Work task → Pictures stay out of the copy, and everything else in the data below is repeated exactly.

Provided material →
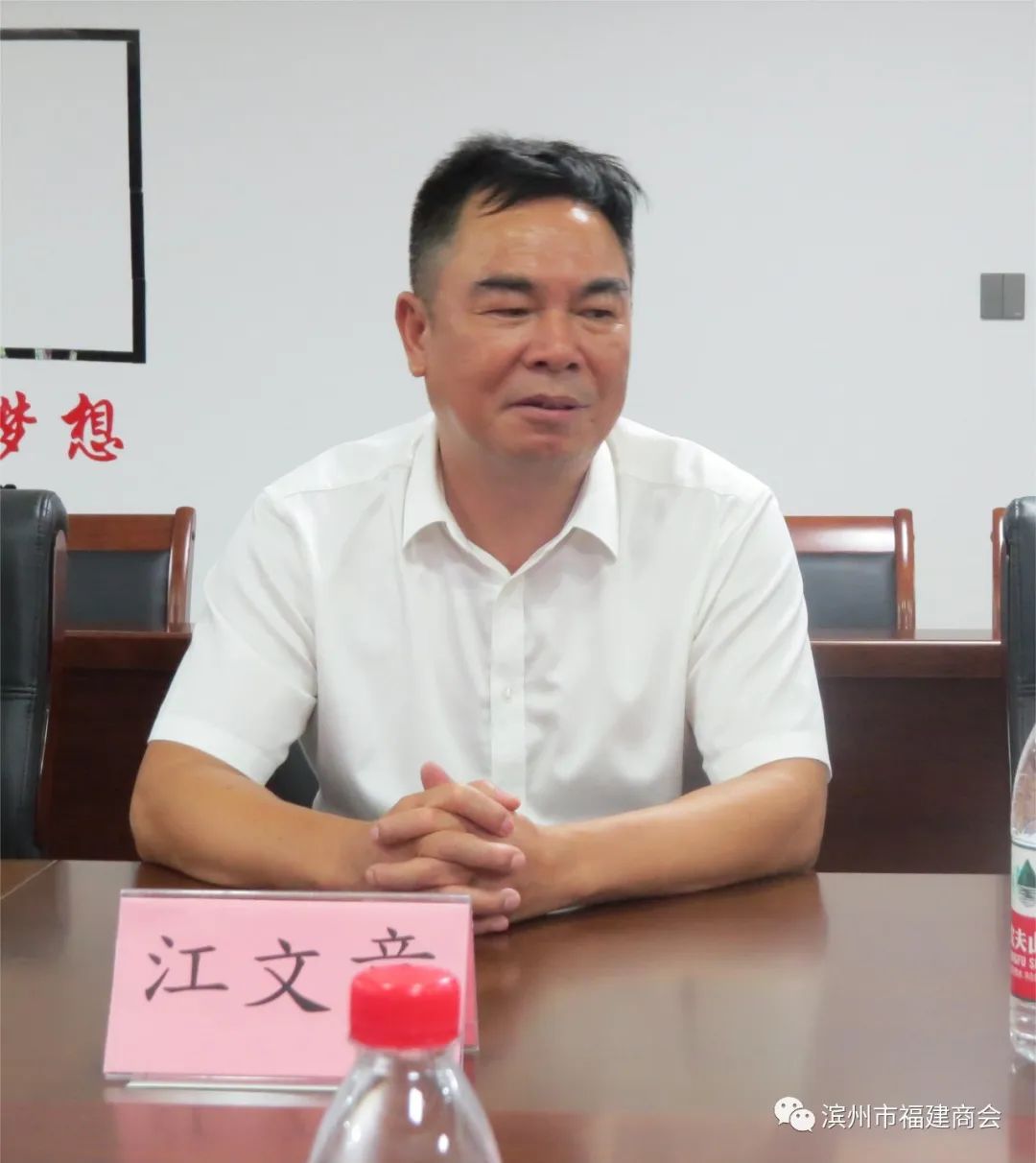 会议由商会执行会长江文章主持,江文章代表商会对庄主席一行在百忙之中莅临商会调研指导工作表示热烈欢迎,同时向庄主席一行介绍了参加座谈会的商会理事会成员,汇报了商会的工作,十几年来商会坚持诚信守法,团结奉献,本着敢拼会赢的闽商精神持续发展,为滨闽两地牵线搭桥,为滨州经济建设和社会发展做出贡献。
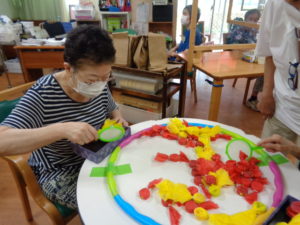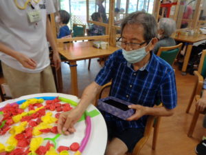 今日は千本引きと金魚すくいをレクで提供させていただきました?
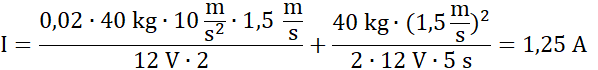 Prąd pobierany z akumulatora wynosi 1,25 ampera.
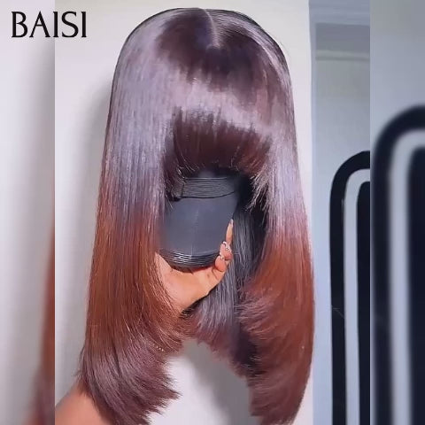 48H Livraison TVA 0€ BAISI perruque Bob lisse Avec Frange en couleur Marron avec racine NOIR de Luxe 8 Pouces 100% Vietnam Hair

Response area →
 会议由商会执行会长江文章主持,江文章代表商会对庄主席一行在百忙之中莅临商会调研指导工作表示热烈欢迎,同时向庄主席一行介绍了参加座谈会的商会理事会成员,汇报了商会的工作,十几年来商会坚持诚信守法,团结奉献,本着敢拼会赢的闽商精神持续发展,为滨闽两地牵线搭桥,为滨州经济建设和社会发展做出贡献。
 今日は千本引きと金魚すくいをレクで提供させていただきました?
 Prąd pobierany z akumulatora wynosi 1,25 ampera.
 48H Livraison TVA 0€ BAISI perruque Bob lisse Avec Frange en couleur Marron avec racine NOIR de Luxe 8 Pouces 100% Vietnam Hair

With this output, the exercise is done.